AppCaching is generally useful only when the apps are deterministic. If the outputs may be different for identical inputs, caching will hide this non-deterministic behavior. For instance caching an app that returns a random number will result in every invocation returning the same result.

Timing

If several identical calls to previously defined app hello are made for the first time, several apps will be launched since no cached result is available. Once one such app completes and the result is cached all subsequent calls will return immediately with the cached result.

Performance

If AppCaching is enabled, some minor performance penalty will be seen especially when thousands of subsecond tasks are launched rapidly.

Note

The performance penalty has not yet been quantified.

Configuring

The appCache option in the config is the master switch, which if set to False disables all AppCaching. By default the global appCache is enabled, and AppCaching is disabled for each app individually, which can be enabled to pick and choose what apps are to be cached.

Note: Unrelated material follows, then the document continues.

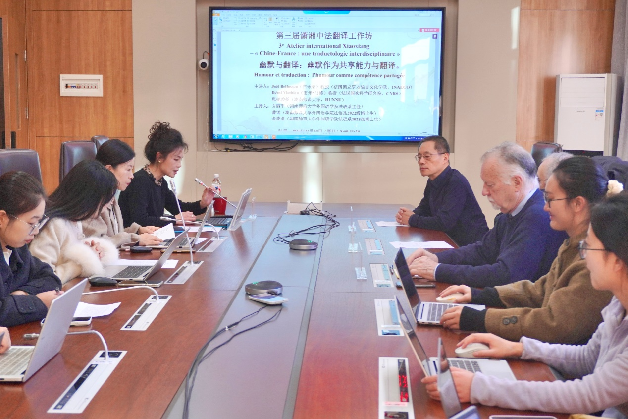 (通讯员 陈雨佳 陈丹 王淮星 仲佳洁)11月30日上午,湖南师范大学外国语学院法语系第三届潇湘中法翻译工作坊(3eAtelier international Xiaoxiang– « Chine-France : une traductologie interdisciplinaire »)在外国语学院腾龙楼204会议室成功举办。

Disabling AppCaching globally :

  1. Disabling AppCaching globally via config:

    config = {
        "sites": [{ ... }],
        "globals": {
             "appCache": False # <-- Disable AppCaching globally
    }
    
    dfk = DataFlowKernel(config=config)
    
  2. Disabling AppCaching globally via option to DataFlowKernel:

    workers = ThreadPoolExecutor(max_workers=4)
    dfk = DataFlowKernel(executors=[workers], appCache=False)